Selon Fré­dé­rique Péna­vaire, le per­son­nel « dénonce une ges­tion auto­ri­taire, une infla­tion de « chefs », et le fait que « les agents de ter­rain ne sont pas rem­pla­cés, en tout cas pas tous lors­qu’il y a un départ mais qu’il y a en revanche un ren­for­ce­ment de la hié­rar­chie ». Laquelle hié­rar­chie n’est pas per­çue par les agent·es ter­ri­to­riaux comme com­pé­tente tel­le­ment les ser­vices peuvent se trou­ver désor­ga­ni­sés.

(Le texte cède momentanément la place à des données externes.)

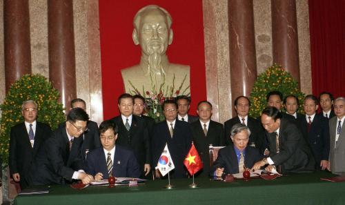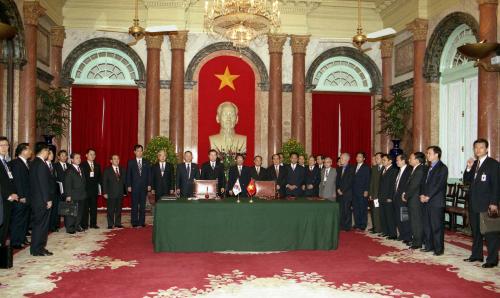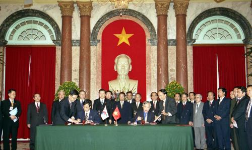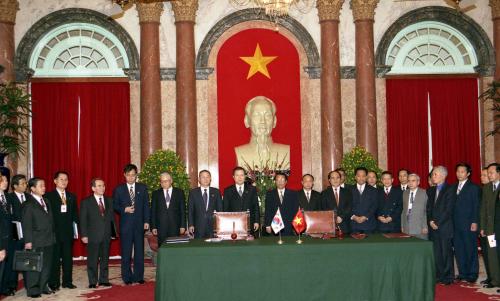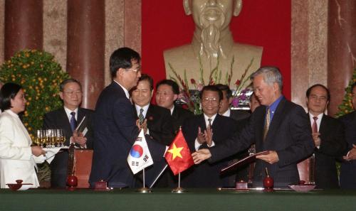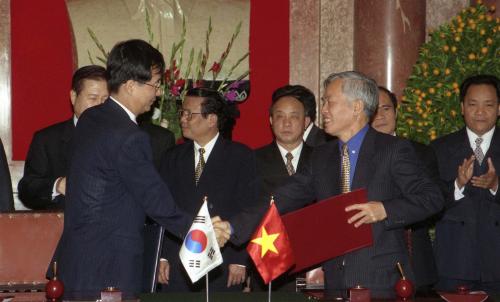 김대중 대통령이 베트남 하노이에서 베트남 쩐득르엉 주석과의 한·베트남 정상회담 및 협정 서명식에 참석하였다.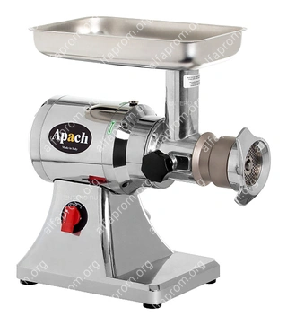 Мясорубка Apach ATS12U предназначена для измельчения мяса и рыбы в фарш, измельчения котлетной массы и набивки колбас на предприятиях общественного питания и торговли. Модель оснащена усиленным редуктором и вентилируемым асинхронным двигателем с защитой от перегрузок. Ножи, лоток и горловина выполнены из нержавеющей стали, мясорубочная часть - из пищевого чугуна, толкатель - из ABS пластика.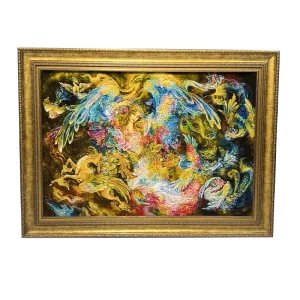 این تابلو فرش به‌دلیل استفاده از ابریشم اعلا در بخش‌هایی از طرح، هنگام تابش نور جلوه‌ای براق و درخشان دارد و همین ویژگی باعث می‌شود نگاه هر بیننده‌ای را به خود جذب کند. قاب طلایی و فاخر که در تصویر مشاهده می‌کنید نیز بر ارزش هنری و زیبایی اثر افزوده و آن را به گزینه‌ای مناسب برای هدیه‌های خاص یا استفاده در فضاهای لوکس بدل کرده است.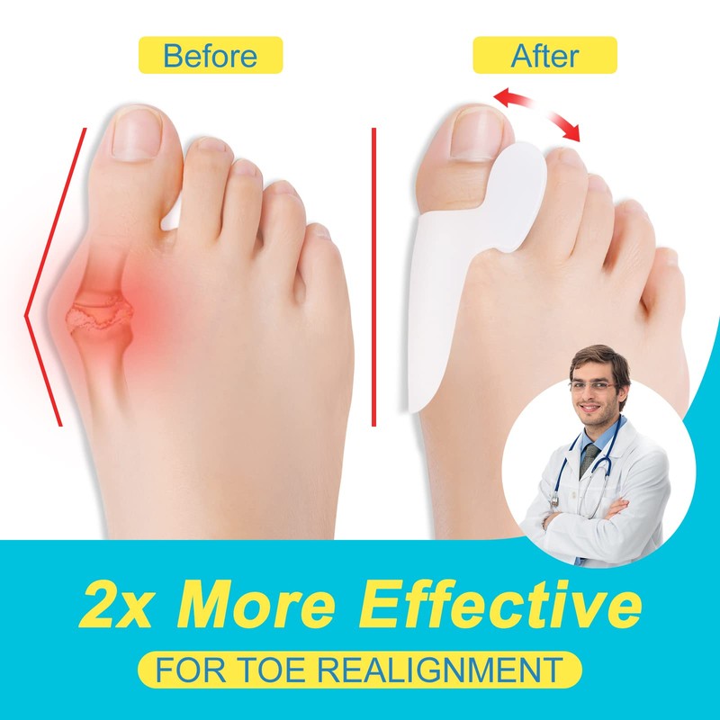 - 【24 HOURS COMFORTABLE CARE】Developed by professional American podiatrists, our bunion corrector conforms to most toe’s shapes and sizes. Fit around your toes comfortably and naturally flexible, allowing you to move with ease. You can wear this bunion pads with most types of shoes. Whether you're active at work, standing, walking, or even hiking, toe spacers stay put and help to relax tense muscles in your toes, provide optimal bunion relief anytime, anywhere.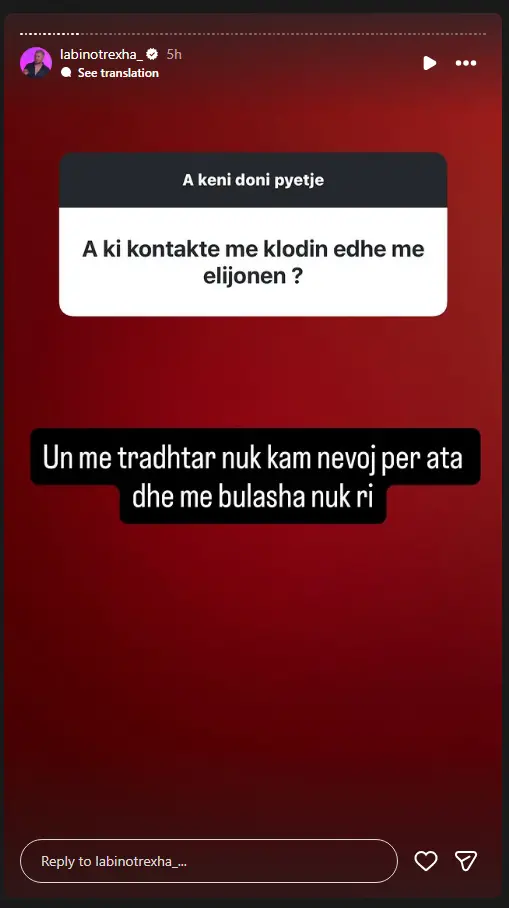 Një nga pyetjet që iu bë ishte për Klodin dhe Elijonën, ku Labi shprehu një qëndrim të qartë: “Unë me tradhtar nuk kam nevojë për ata dhe me bulasha nuk rri”.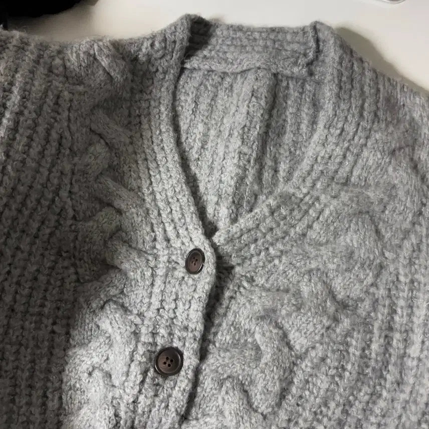 This gray knit cardigan is slightly darker than the first photo, making it a versatile piece for everyday wear.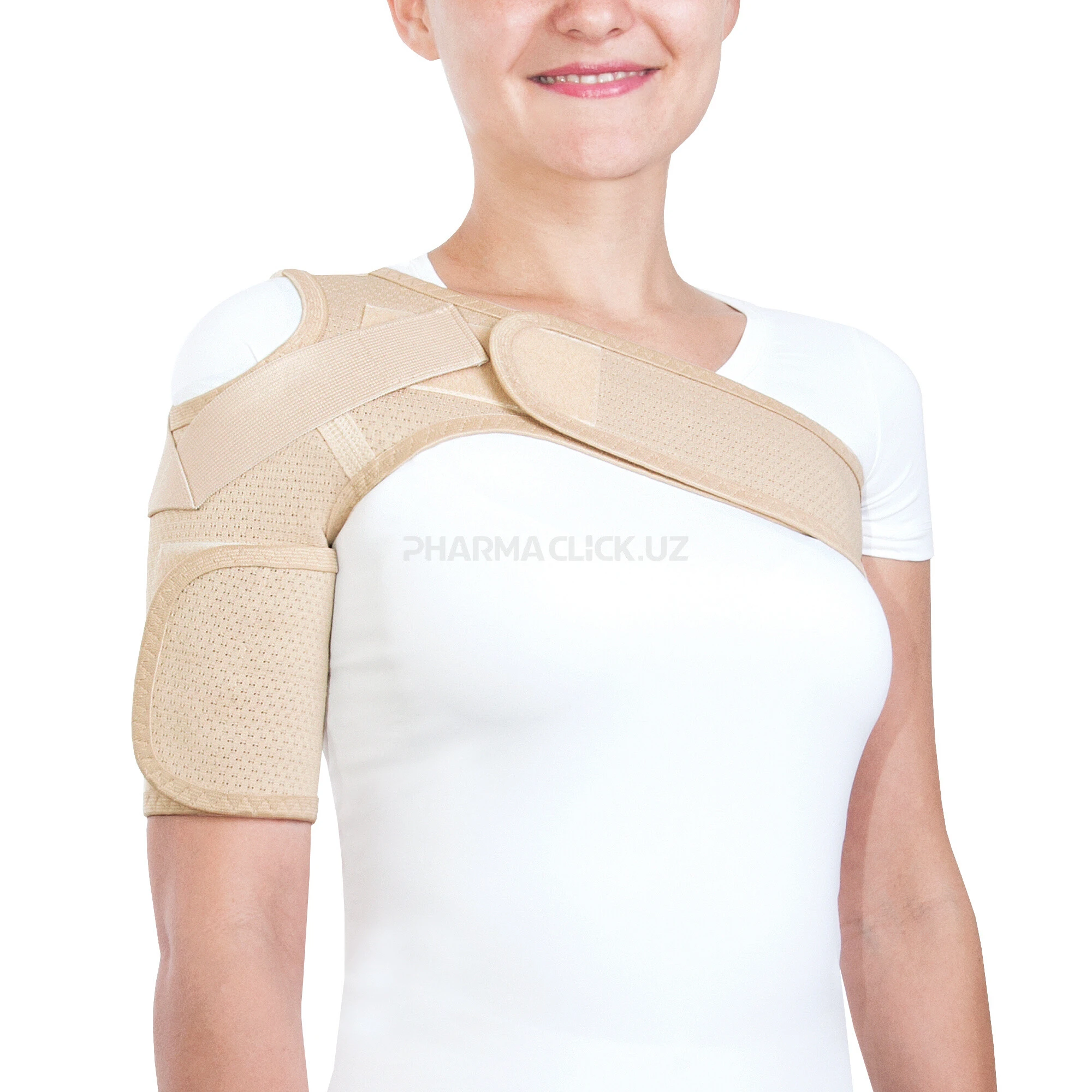 Yelkaga bandaj taqing, yelka bo‘g‘imini teshikka joylashtiring va ko‘krak qafasiga Velcro tasmasi bilan mahkamlang

Les témoi­gnages font éga­le­ment remon­ter une sus­pi­cion de « fli­cage » des agents. Par exemple, des badges ont été ins­tal­lés pour accé­der aux toi­lettes aux ser­vices tech­niques du quar­tier Champ­fleu­ri. Les agents doivent bad­ger chaque fois qu’ils se rendent aux toi­lettes.

« Des éco­no­mies sont faites par­tout », dénonce Fré­dé­rique Péna­vaire, « et les ATSEM disent ne pas avoir le maté­riel ad hoc pour faire l’en­tre­tien des classes ». « Les agents reprochent au maire de ne pas être pré­sent dans les ins­tances pari­taires, de ne pas être au cou­rant de leurs reven­di­ca­tions ! » pour­suit-elle.

Le maire Vincent Chriqui directement interpellé

Inter­pel­lant direc­te­ment le maire devant sa per­ma­nence élec­to­rale, les agent·es ont pu, via Eric Orcel le délé­gué CGT des Ter­ri­to­riaux, rap­pe­ler un cer­tain nombre de constats et reven­di­ca­tions :

  • La dété­rio­ra­tion au fil des mois des condi­tions de tra­vail des agents ;
  • Les mul­tiples réor­ga­ni­sa­tions de ser­vice qui affectent la san­té men­tale des agents ;
  • Les tickets res­tau­rant qui ne sont pas tou­jours attri­bués léga­le­ment et le refus de rap­pel au moins sur une année ;
  • L’absence de contrat col­lec­tif pour la pré­voyance et la mutuelle ;
  • La par­ti­ci­pa­tion employeur sur les mutuelles qui est tou­jours sur le mini­mum impo­sé ;
  • Le péri­sco­laire en souf­france, les agents qui jouent aux chaises musi­cales : auto rem­pla­ce­ment, sup­pléer au manque d’AESH…
  • Des écarts de primes injustes.

Eric Orcel a rap­pe­lé le rôle irrem­pla­çable des agent·es « qui assurent le fonc­tion­ne­ment de la com­mune, et qui se sentent aujourd’hui oubliés et non recon­nus ». Le délé­gué CGT a rajou­té que les « agent·es demandent plus d’équité, de la recon­nais­sance pour tous les ser­vices et un véri­table dia­logue social avec la muni­ci­pa­li­té ».